Britain’s Monarch Airlines failed abruptly last week, leaving thousands of passengers stranded at resort destinations without a return flight. The British government is helping those travelers return home, but the airline shutdown raises the question of whether a similar collapse could happen elsewhere.
The pat answer is: Of course, some other airline will undoubtedly fail. And yes, it could (in theory) happen in North America. But—realistically, an airline shutdown is more likely to happen in Asia or Europe. Here’s why.
Why an Airline Shutdown Occurs
Monarch emerged 50 years ago as the in-house airline for a large U.K. tour operator. At the time, most British holidaymakers traveled on combined air-hotel packages. Buying air travel as part of a package was the only way European travelers could find low fares due to tight regulations. The tour operators were the primary interface with customers: Some operated their own airline subsidiaries, while others relied on third-party charter airlines. Later, those operator-owned airlines were permitted to sell air-only tickets, but they were a small part of the carriers’ market.
By 2017, several of the former charter-tour lines, including Condor, Thomas Cook, Corsair, and Monarch, transformed themselves into low-fare lines to compete for air-only trips. Monarch failed because it was committed to those once tour-focused destinations where demand suddenly tanked. Spots formerly popular as beach destinations like the Turkish coast, Egypt’s Sharm-el-Sheikh, and Tunisia were suddenly dealing with terrorism and political unrest. Monarch unfortunately couldn’t move quickly enough to avoid the market loss.
Two Europe-serving airlines—Alitalia and Air Berlin—also recently declared bankruptcy, but for more conventional financial reasons.

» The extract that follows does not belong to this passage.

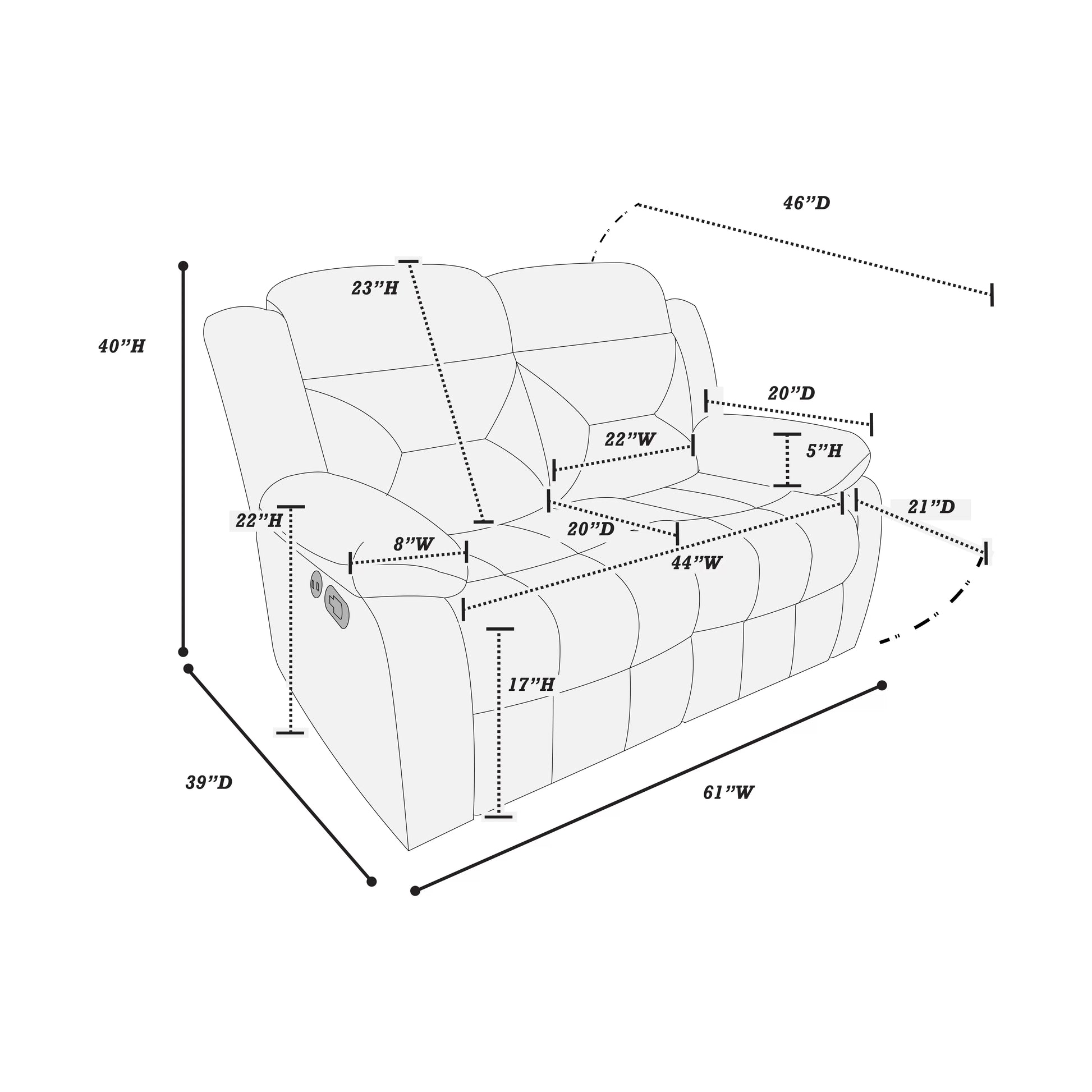 esigned to seat three, this Sofa is the epitome of comfort, featuring arm pillows that add an extra layer of coziness to your lounging experience. The back cushion is not just plush but also boasts a headrest designed with horizontal tufting, ensuring that your entire body enjoys the luxurious comfort this recliner has to offer. The reclining handle, conveniently located on the side, allows for seamless and easy reclining. Just a simple pull, and you're on your way to your favorite lounging position. Charge your phone without having to leave the comfort of your seat, convenient USB ports right next to the reclining handle. The material used is none other than exquisite velvet, adding a touch of elegance to your space.

Airline experts currently believe that there are too many start-up airlines and low-fare wannabes in both Asia and Europe, making them vulnerable to money problems. Some of them will not survive the ongoing and inevitable financial squeeze.
Where Airline Shutdowns Are Less Likely
U.S. airlines, however, seem to be past that point. Our air travel system has already gone through several shake-up rounds, and has consolidated into what experts see as four giant competitors, plus some strong niche players. The near-oligopoly allows the Big Four (American, Delta, Southwest, and United) to charge high fares and pile on fees with minimal competitive pressure. This evolution is not necessarily beneficial to consumers, but it provides stability for airlines.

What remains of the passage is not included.